Problem details –
The pictures are to be omitted when the entries are reproduced exactly.

[Records from a collection]
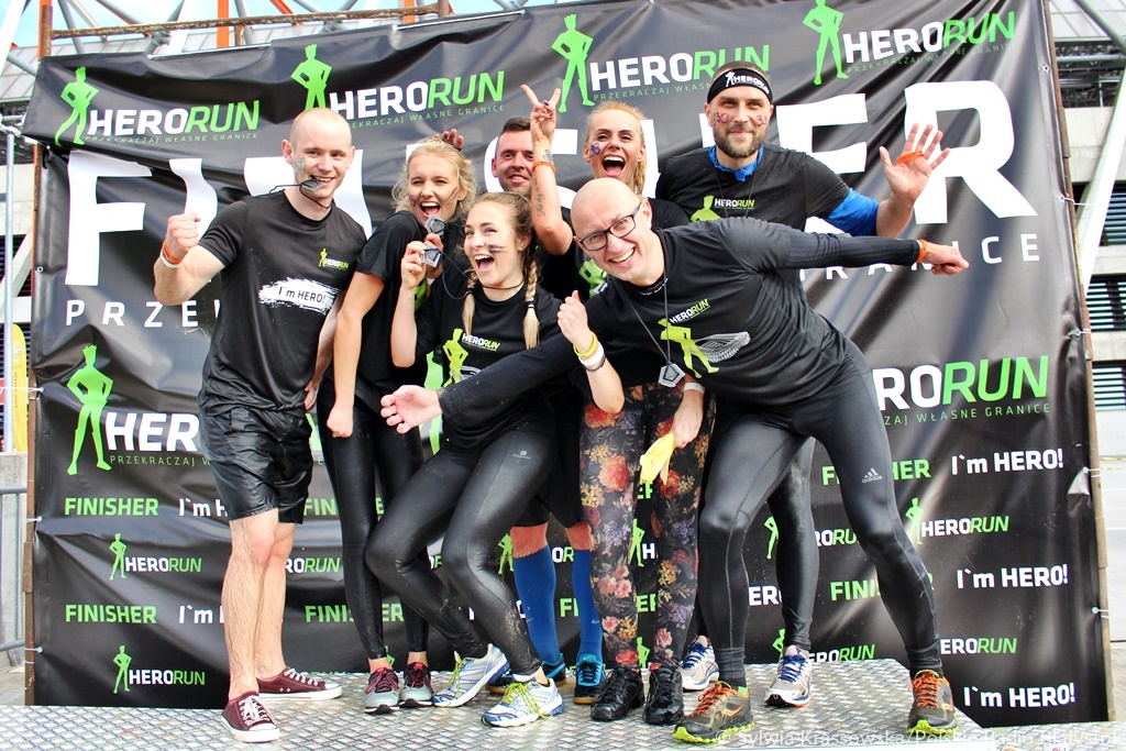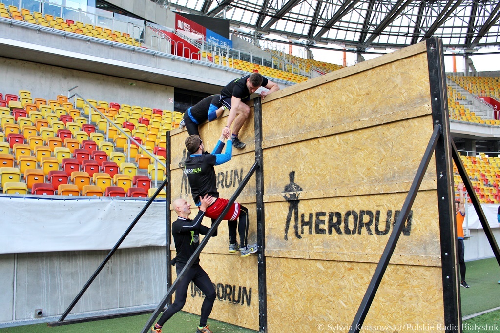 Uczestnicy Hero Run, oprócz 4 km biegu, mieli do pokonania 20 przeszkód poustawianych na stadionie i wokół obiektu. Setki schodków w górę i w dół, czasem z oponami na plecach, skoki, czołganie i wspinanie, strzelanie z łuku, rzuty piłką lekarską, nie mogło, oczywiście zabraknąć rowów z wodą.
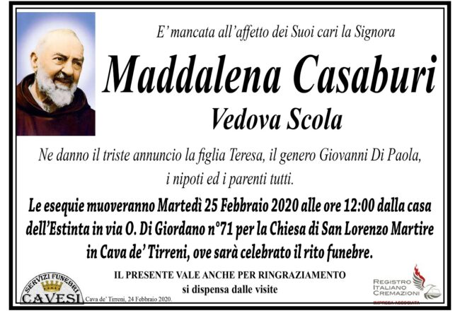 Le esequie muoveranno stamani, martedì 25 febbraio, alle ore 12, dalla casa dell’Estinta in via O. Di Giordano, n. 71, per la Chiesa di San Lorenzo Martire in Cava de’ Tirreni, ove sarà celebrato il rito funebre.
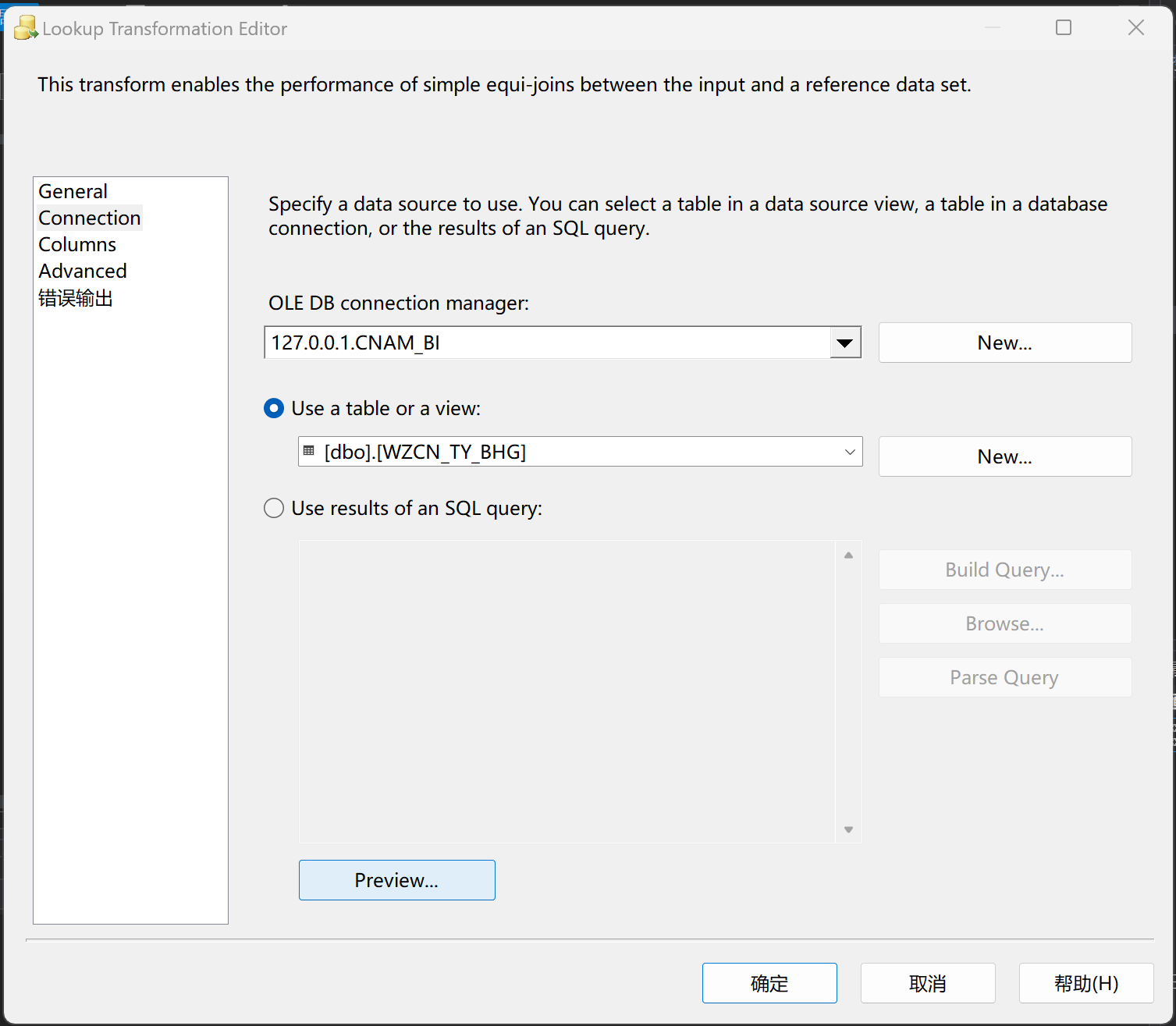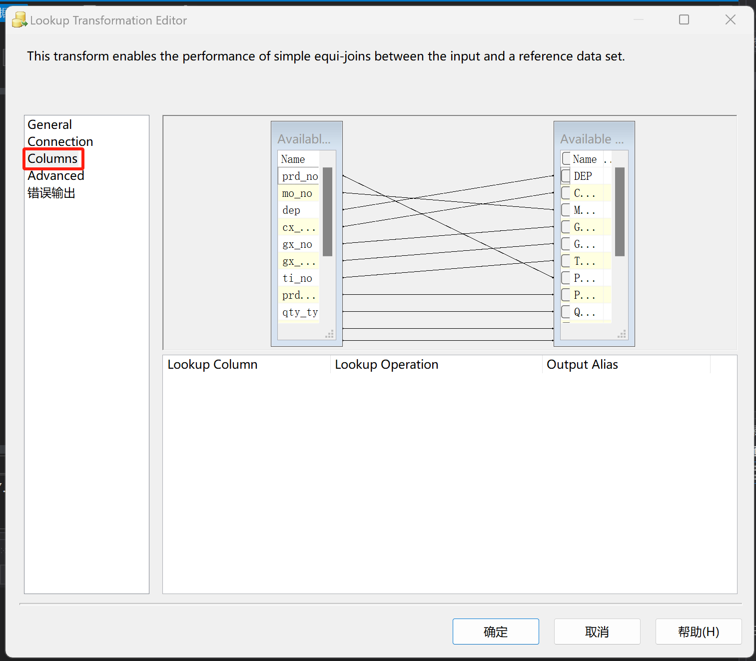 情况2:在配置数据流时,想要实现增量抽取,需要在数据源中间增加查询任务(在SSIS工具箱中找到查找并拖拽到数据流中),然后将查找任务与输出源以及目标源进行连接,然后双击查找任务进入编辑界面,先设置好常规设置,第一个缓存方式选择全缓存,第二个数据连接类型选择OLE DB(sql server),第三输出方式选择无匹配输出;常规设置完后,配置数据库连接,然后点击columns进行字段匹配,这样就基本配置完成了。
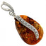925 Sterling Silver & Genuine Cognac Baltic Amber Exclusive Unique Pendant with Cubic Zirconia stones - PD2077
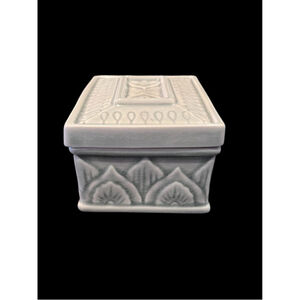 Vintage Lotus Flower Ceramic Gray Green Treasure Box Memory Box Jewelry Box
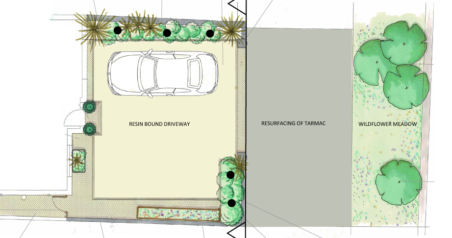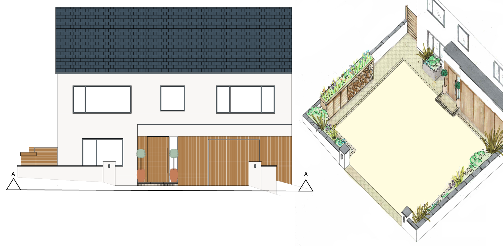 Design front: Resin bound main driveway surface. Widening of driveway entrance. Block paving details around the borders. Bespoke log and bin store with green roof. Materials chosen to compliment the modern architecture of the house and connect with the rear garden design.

Solution to the exercise –
 Uczestnicy Hero Run, oprócz 4 km biegu, mieli do pokonania 20 przeszkód poustawianych na stadionie i wokół obiektu. Setki schodków w górę i w dół, czasem z oponami na plecach, skoki, czołganie i wspinanie, strzelanie z łuku, rzuty piłką lekarską, nie mogło, oczywiście zabraknąć rowów z wodą.
 Le esequie muoveranno stamani, martedì 25 febbraio, alle ore 12, dalla casa dell’Estinta in via O. Di Giordano, n. 71, per la Chiesa di San Lorenzo Martire in Cava de’ Tirreni, ove sarà celebrato il rito funebre.
 情况2:在配置数据流时,想要实现增量抽取,需要在数据源中间增加查询任务(在SSIS工具箱中找到查找并拖拽到数据流中),然后将查找任务与输出源以及目标源进行连接,然后双击查找任务进入编辑界面,先设置好常规设置,第一个缓存方式选择全缓存,第二个数据连接类型选择OLE DB(sql server),第三输出方式选择无匹配输出;常规设置完后,配置数据库连接,然后点击columns进行字段匹配,这样就基本配置完成了。
925 Sterling Silver & Genuine Cognac Baltic Amber Exclusive Unique Pendant with Cubic Zirconia stones - PD2077
 Vintage Lotus Flower Ceramic Gray Green Treasure Box Memory Box Jewelry Box
 Design front: Resin bound main driveway surface. Widening of driveway entrance. Block paving details around the borders. Bespoke log and bin store with green roof. Materials chosen to compliment the modern architecture of the house and connect with the rear garden design.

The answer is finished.